-- Task objective --
Send back the records exactly as written, with no images.

-- Supplied records follows --

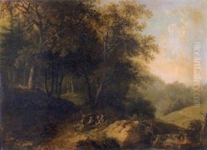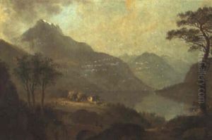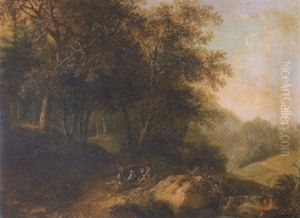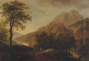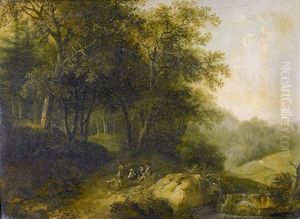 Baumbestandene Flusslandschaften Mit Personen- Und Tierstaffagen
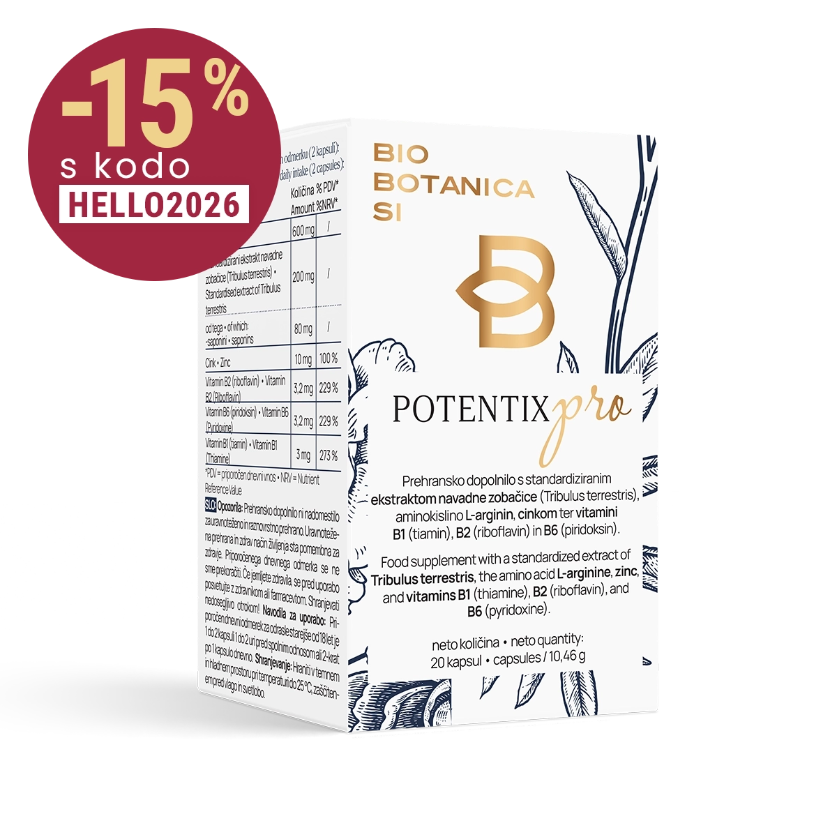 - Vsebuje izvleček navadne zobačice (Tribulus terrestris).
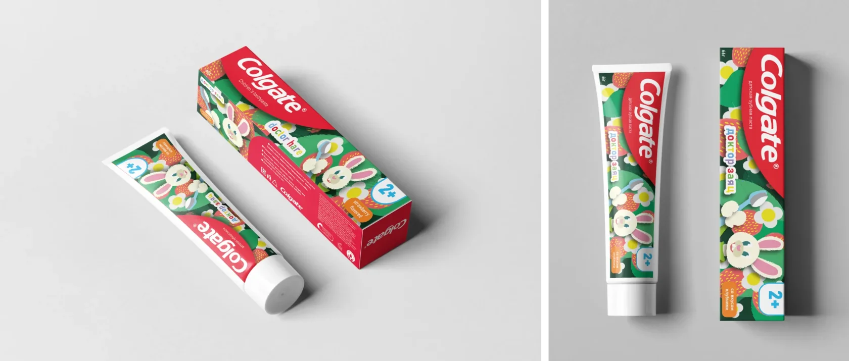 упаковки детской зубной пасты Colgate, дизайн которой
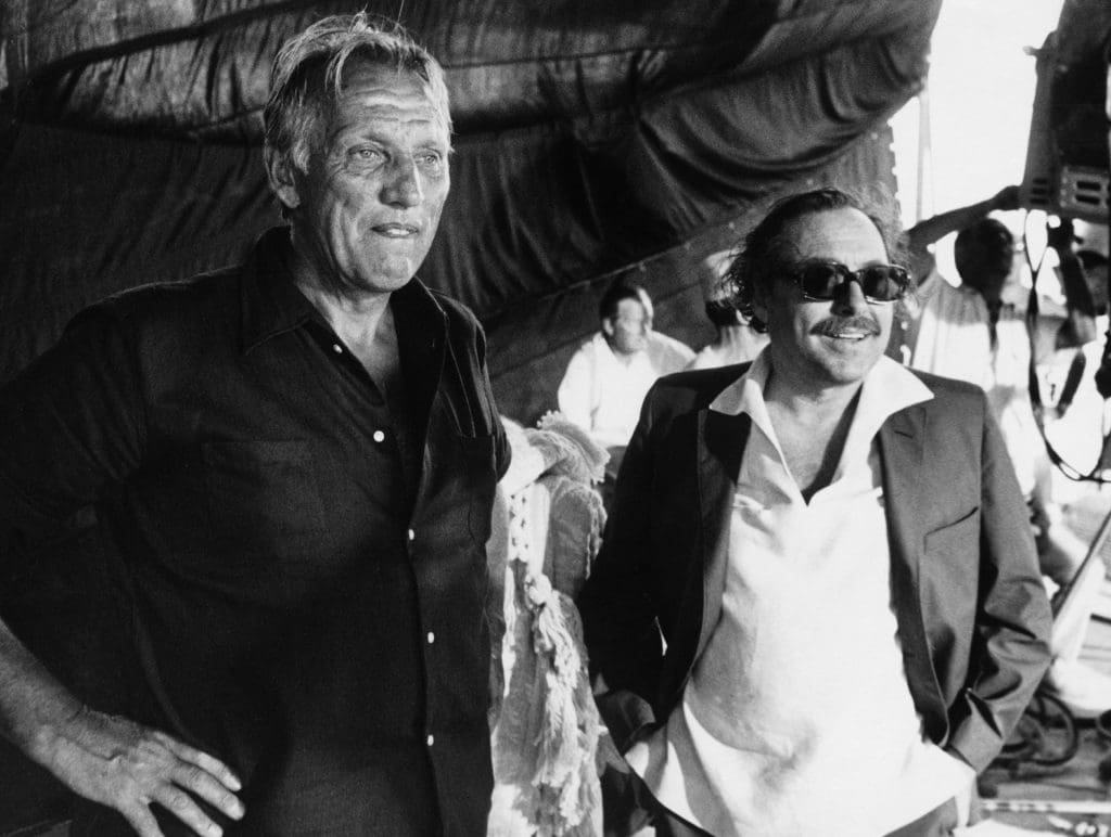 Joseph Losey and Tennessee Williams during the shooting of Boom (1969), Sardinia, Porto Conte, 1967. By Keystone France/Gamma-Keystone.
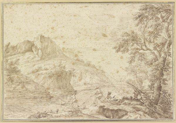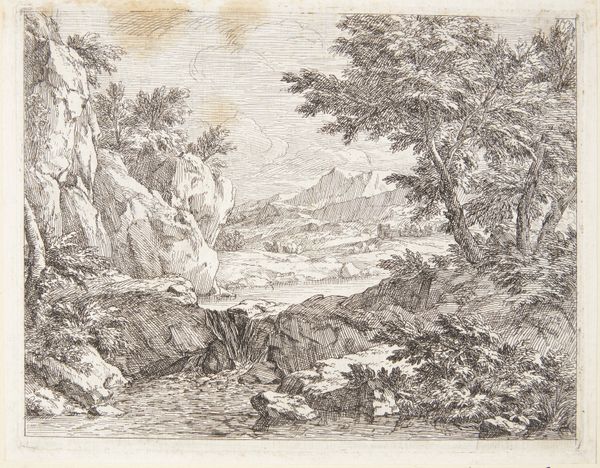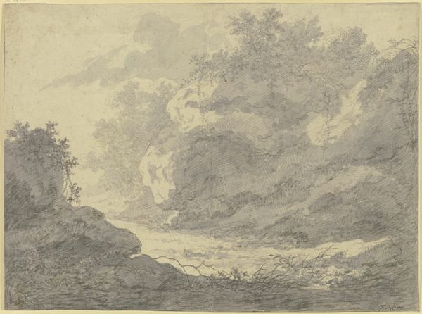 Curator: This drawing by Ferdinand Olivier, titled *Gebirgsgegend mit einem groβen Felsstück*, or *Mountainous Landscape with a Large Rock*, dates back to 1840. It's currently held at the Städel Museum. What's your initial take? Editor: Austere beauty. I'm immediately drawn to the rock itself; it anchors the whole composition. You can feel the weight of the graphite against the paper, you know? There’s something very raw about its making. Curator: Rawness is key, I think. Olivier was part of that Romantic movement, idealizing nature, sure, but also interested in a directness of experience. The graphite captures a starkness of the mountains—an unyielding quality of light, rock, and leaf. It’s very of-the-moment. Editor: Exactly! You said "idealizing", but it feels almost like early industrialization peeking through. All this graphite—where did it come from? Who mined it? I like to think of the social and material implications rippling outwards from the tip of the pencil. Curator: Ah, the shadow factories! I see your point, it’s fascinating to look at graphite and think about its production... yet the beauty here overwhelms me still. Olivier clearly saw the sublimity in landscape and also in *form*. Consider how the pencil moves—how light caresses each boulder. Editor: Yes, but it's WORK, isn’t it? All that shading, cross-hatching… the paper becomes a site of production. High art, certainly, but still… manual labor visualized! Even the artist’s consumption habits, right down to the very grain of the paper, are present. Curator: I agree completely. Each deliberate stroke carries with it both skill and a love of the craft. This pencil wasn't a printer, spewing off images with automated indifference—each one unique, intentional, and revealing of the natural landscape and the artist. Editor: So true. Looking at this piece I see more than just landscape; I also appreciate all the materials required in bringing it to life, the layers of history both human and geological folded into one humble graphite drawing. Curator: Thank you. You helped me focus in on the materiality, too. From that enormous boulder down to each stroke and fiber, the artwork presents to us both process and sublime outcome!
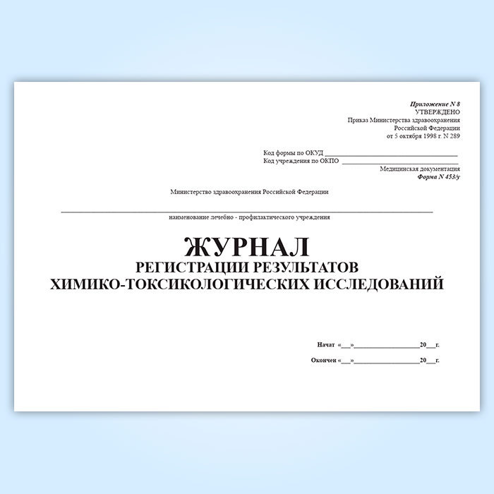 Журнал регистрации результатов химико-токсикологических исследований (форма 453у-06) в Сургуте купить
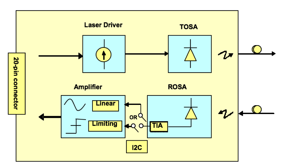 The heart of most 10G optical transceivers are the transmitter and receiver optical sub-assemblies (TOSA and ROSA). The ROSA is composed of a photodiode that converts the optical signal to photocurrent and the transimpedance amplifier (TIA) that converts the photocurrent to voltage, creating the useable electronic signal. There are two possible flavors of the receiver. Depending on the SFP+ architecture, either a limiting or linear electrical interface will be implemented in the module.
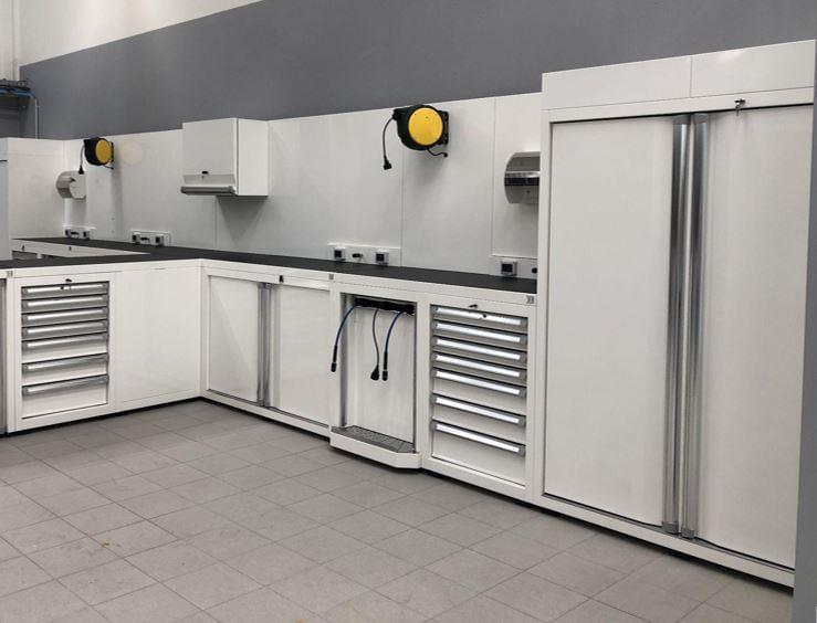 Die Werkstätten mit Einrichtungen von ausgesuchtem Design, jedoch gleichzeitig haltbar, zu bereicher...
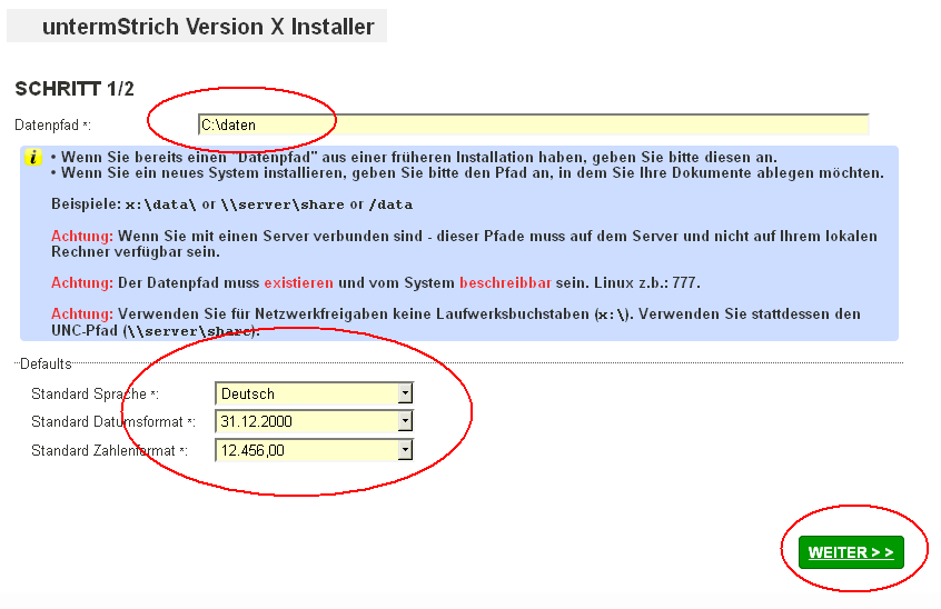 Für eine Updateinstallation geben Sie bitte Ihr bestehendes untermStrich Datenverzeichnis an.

-- Supplied records concluded --

-- Finished task --
 Baumbestandene Flusslandschaften Mit Personen- Und Tierstaffagen
 - Vsebuje izvleček navadne zobačice (Tribulus terrestris).
 упаковки детской зубной пасты Colgate, дизайн которой
 Joseph Losey and Tennessee Williams during the shooting of Boom (1969), Sardinia, Porto Conte, 1967. By Keystone France/Gamma-Keystone.
 Curator: This drawing by Ferdinand Olivier, titled *Gebirgsgegend mit einem groβen Felsstück*, or *Mountainous Landscape with a Large Rock*, dates back to 1840. It's currently held at the Städel Museum. What's your initial take? Editor: Austere beauty. I'm immediately drawn to the rock itself; it anchors the whole composition. You can feel the weight of the graphite against the paper, you know? There’s something very raw about its making. Curator: Rawness is key, I think. Olivier was part of that Romantic movement, idealizing nature, sure, but also interested in a directness of experience. The graphite captures a starkness of the mountains—an unyielding quality of light, rock, and leaf. It’s very of-the-moment. Editor: Exactly! You said "idealizing", but it feels almost like early industrialization peeking through. All this graphite—where did it come from? Who mined it? I like to think of the social and material implications rippling outwards from the tip of the pencil. Curator: Ah, the shadow factories! I see your point, it’s fascinating to look at graphite and think about its production... yet the beauty here overwhelms me still. Olivier clearly saw the sublimity in landscape and also in *form*. Consider how the pencil moves—how light caresses each boulder. Editor: Yes, but it's WORK, isn’t it? All that shading, cross-hatching… the paper becomes a site of production. High art, certainly, but still… manual labor visualized! Even the artist’s consumption habits, right down to the very grain of the paper, are present. Curator: I agree completely. Each deliberate stroke carries with it both skill and a love of the craft. This pencil wasn't a printer, spewing off images with automated indifference—each one unique, intentional, and revealing of the natural landscape and the artist. Editor: So true. Looking at this piece I see more than just landscape; I also appreciate all the materials required in bringing it to life, the layers of history both human and geological folded into one humble graphite drawing. Curator: Thank you. You helped me focus in on the materiality, too. From that enormous boulder down to each stroke and fiber, the artwork presents to us both process and sublime outcome!
 Журнал регистрации результатов химико-токсикологических исследований (форма 453у-06) в Сургуте купить
 The heart of most 10G optical transceivers are the transmitter and receiver optical sub-assemblies (TOSA and ROSA). The ROSA is composed of a photodiode that converts the optical signal to photocurrent and the transimpedance amplifier (TIA) that converts the photocurrent to voltage, creating the useable electronic signal. There are two possible flavors of the receiver. Depending on the SFP+ architecture, either a limiting or linear electrical interface will be implemented in the module.
 Die Werkstätten mit Einrichtungen von ausgesuchtem Design, jedoch gleichzeitig haltbar, zu bereicher...
 Für eine Updateinstallation geben Sie bitte Ihr bestehendes untermStrich Datenverzeichnis an.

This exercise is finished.